Hacking of third-party vendor emails has reportedly exposed patient and clinical data, resulting in delays in care and disruption of clinical workflow across the healthcare system.
Yingshi. Luke’s Health has learned that a data breach affecting consultant Adelanto Healthcare Ventures has compromised protected health information. The data breach affecting 16 hospital systems in Texas is unrelated to the massive ransomware attack on its parent company, CommonSpirit Health.
Not aware of it for nearly a year
According to the announcement on October 28, after a preliminary investigation by a third-party consultant, St. Luke’s Data is unaffected.
However, further investigation revealed that the email accounts of two of its employees, which were hacked on November 5, 2021, did contain patient information from St. Luke’s Hospital – including Personally identifiable information, medical record numbers, treatment and diagnosis codes, etc. Adelanto Healthcare Ventures updated on September 1 with findings from the health system.

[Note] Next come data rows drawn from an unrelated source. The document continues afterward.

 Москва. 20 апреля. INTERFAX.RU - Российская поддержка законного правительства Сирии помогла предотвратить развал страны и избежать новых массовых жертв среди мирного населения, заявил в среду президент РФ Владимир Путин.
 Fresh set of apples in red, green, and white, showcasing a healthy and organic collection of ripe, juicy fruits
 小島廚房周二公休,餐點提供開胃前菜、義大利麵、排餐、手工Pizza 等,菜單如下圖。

While a healthcare data breach was reported on Oct. 30, according to the list of civil rights cases investigated by the U.S. Department of Health and Human Services for violations of unsecured PHI, local communities Started being affected weeks ago.
KHOU Houston local news reported on Oct. 5 that some patient appointments have been canceled and are being rescheduled. A nurse who asked not to be named also told the outlet that some St. Luke facilities are entirely paper charts.

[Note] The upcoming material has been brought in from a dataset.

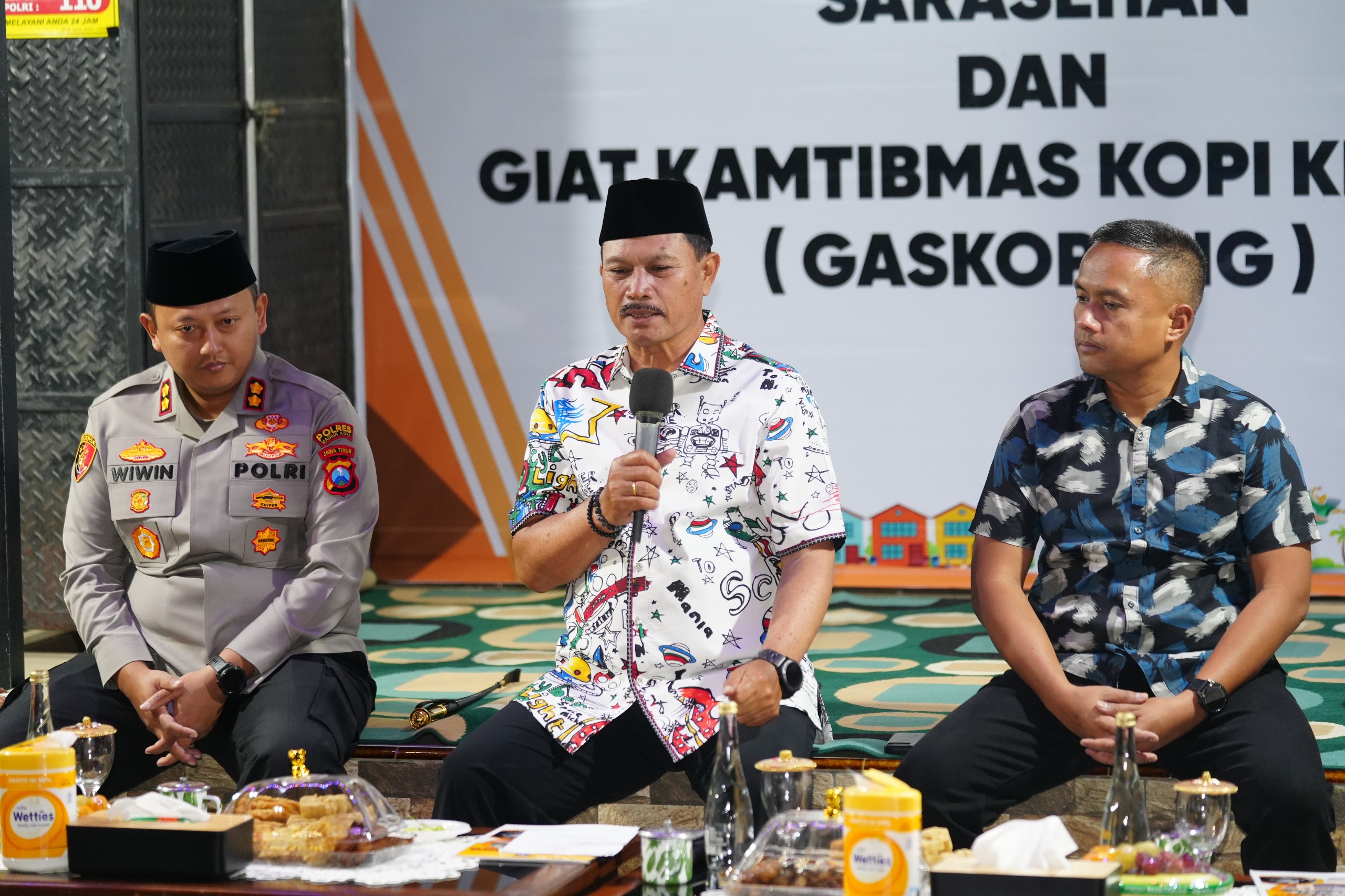MADIUN – Ada yang berbeda dalam giat Kantor Lapangan Wali Kota Madiun di Taman Hijau Demangan (THD), Rabu (23/4) malam. Pasalnya, inovasi layanan yang mengemuka bukan hanya dari Organisasi Perangkat Daerah (OPD) Pemerintah Kota Madiun. Namun, layanan juga datang dari Forum Koordinasi Pimpinan Kecamatan (Forkopimca) Taman dengan inovasi Giat Kamtibmas Kopi Keliling (Gas Kopling). Acara sarasehan sambil ngopi bersama masyarakat tersebut pun mendapatkan apresiasi Wali Kota Madiun Dr. Maidi.

St. Luke said that in order to prevent further data breaches in its breach announcement, it has taken some systems offline until the incident is resolved.
The health system also said it was notifying affected patients — 16,906, according to OCR data — and offering free identity monitoring.
Cyberattacks are a near-daily occurrence, leading the federal government to require zero adoption across agencies trust structure.
While some healthcare cyberattacks have historically been the work of criminal gangs, cyberwarfare has recently become a concern for key sectors.
Since the beginning of the year, the US has reported 194 cases of cyber hacking/IT incidents compromising email accounts to OCR.
The total number of hacking attacks on electronic medical records was 41, while 483 attacks on web servers were under investigation.
Overall, OCR lists 911 PHI data breaches under investigation, so far this year.
Andrea Fox is Senior Editor for Healthcare IT News. Email: [email protected]
Healthcare IT News is a HIMSS publication.